Al Burlo scoperta una nuova malattia genetica rara

Al Burlo scoperta una nuova malattia genetica rara

Al Burlo scoperta una nuova malattia genetica rara

Pubblicato sulla rivista Genome Medicine lo studio coordinato dall’IRCCS materno - infantile che identifica per la prima volta il gene SF3B3 come causa di una sindrome del neurosviluppo. LO STUDIO

Uno studio diretto dall’IRCCS materno – infantile Burlo Garofolo ha identificato per la prima volta il gene SF3B3 come causa di una malattia umana. La scoperta è stata pubblicata sulla rivista scientifica “Genome Medicine” e aiuta a chiarire i meccanismi di alcuni rari disturbi del neurosviluppo.

La ricerca, spiega una nota del Burlo, è stata coordinata dalla dottoressa Luciana Musante della Genetica Medica del Burlo e dal professor Flavio Faletra dell’Istituto di Genetica Medica di ASUFC e dell’Università di Udine, e ha preso avvio dal caso di un paziente, seguito proprio al Burlo. Grazie all’analisi genetica, è stata individuata una mutazione nel gene SF3B3 che, finora, non era mai stato associato allo sviluppo di una patologia. Quindi, incrociando i dati relativi a 24 pazienti nel mondo, i ricercatori hanno dimostrato il suo diretto coinvolgimento nel provocare una nuova sindrome.
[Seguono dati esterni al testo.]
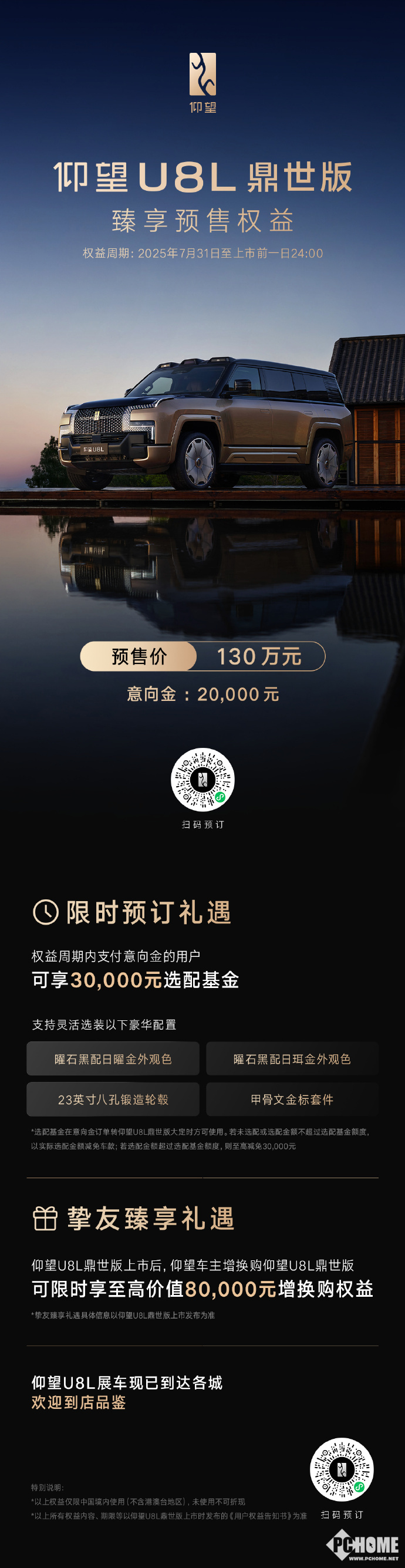 目前,限时支付意向金可享30,000元选配基金,仰望车主增换购可限时享至高价值80,000元增换购权益。
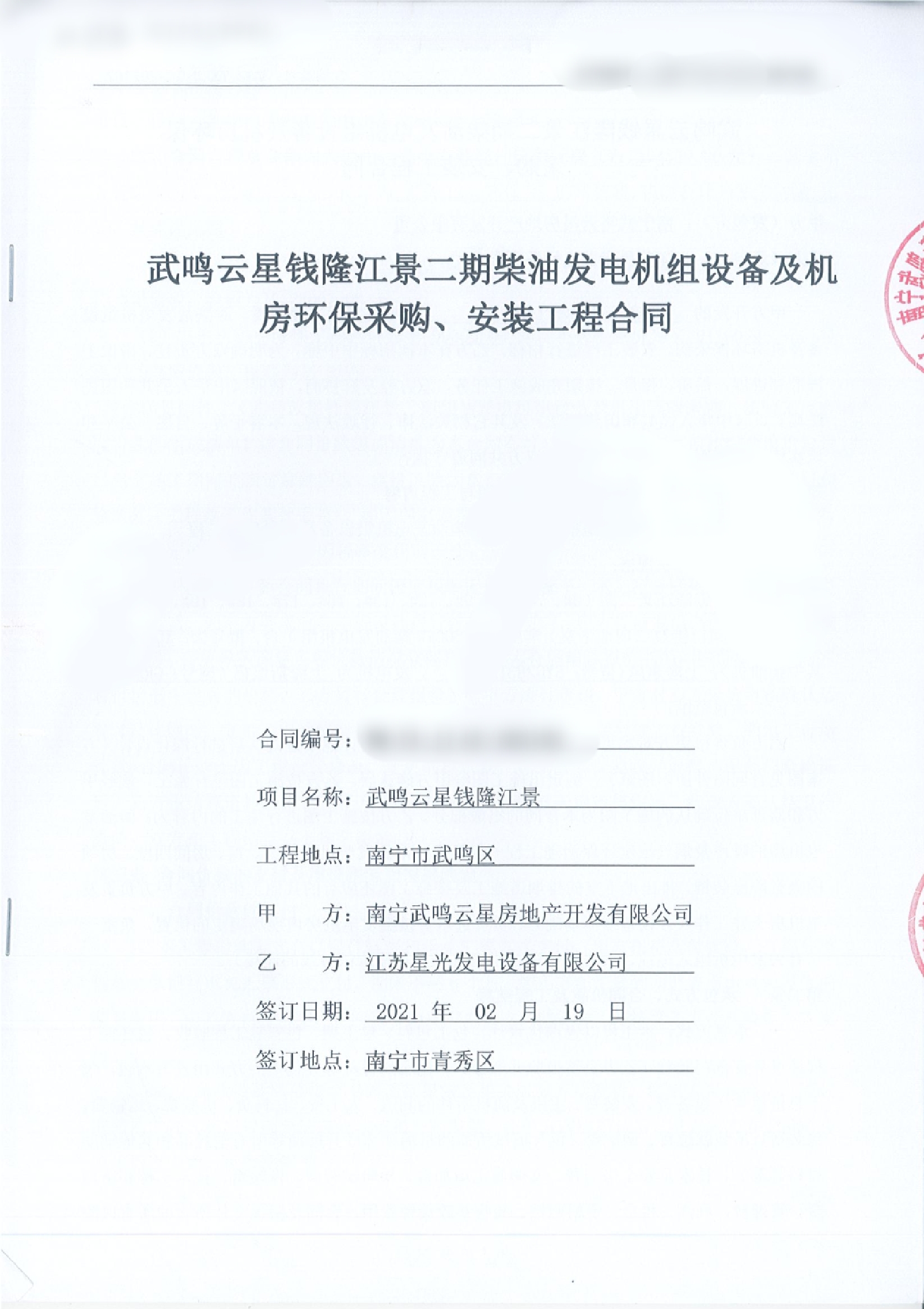 2021年2月19日,江蘇星光發(fā)電設(shè)備有限公司與南寧武鳴云星房地產(chǎn)開發(fā)有限公司再次成功簽訂了一臺600KW型號為XG-600GF柴油發(fā)電機(jī)組,其中柴油機(jī)為上海東風(fēng)(型號SYG283TAD72),發(fā)電機(jī)為上海斯坦福(型號GR355G),該機(jī)組用于的是武鳴云星錢隆江景二期。

SF3B3, infatti, è coinvolto nello splicing, il processo con il quale le cellule rielaborano le istruzioni genetiche prima di produrre le proteine: quando questo meccanismo si altera possono insorgere le cosiddette spliceosomopatie, malattie rare spesso associate a disturbi del neurosviluppo. Il lavoro si è sviluppato grazie a un’importante rete di collaborazioni nazionali e internazionali e al contributo di due istituzioni della ricerca triestine, ovvero l’ICGEB (International Centre for Genetic Engineering and Biotechnology) con il dottor Emanuele Buratti e il gruppo CNR – Istituto Officina dei Materiali coordinato dalla dottoressa Alessandra Magistrato, che hanno aiutato a chiarirne il meccanismo molecolare.

“Parliamo di una sindrome con caratteristiche cliniche variabili”, spiega la dottoressa Luciana Musante, prima autrice dello studio. “Si può presentare con ritardi nello sviluppo, nel linguaggio e nei movimenti, difficoltà cognitive e, in alcuni casi, malformazioni congenite multiple. In una parte dei piccoli pazienti osserviamo anche tratti dello spettro autistico. Nel loro insieme, questi elementi definiscono un quadro clinico riconoscibile, che si può presentare con forme molto severe, già in fase prenatale, o più lievi. Nel nostro studio abbiamo anche dimostrato che le mutazioni di SF3B3 modificano l’attività di centinaia di altri geni, alterando il funzionamento delle cellule”.

La possibilità di prendere in esame 24 pazienti, un numero piuttosto consistente nel caso di una malattia rara, consentirà d’inserire questa scoperta nel database internazionale OMIM (Online Mendelian Inheritance in Man), che cataloga le malattie genetiche ed è aggiornato regolarmente sulla base delle nuove pubblicazioni scientifiche.

“Ogni gene in più che riusciamo a collegare a una malattia significa una risposta in più per i pazienti e per le loro famiglie. Identificare il gene associato a una sindrome è solo il primo passo: ora possiamo studiare meglio i meccanismi biologici alla base della malattia e capire come si sviluppa. Il nostro obiettivo – conclude Musante – è continuare su questa strada e far diventare il Burlo un punto di riferimento per la diagnosi e lo studio di queste condizioni genetiche rare”.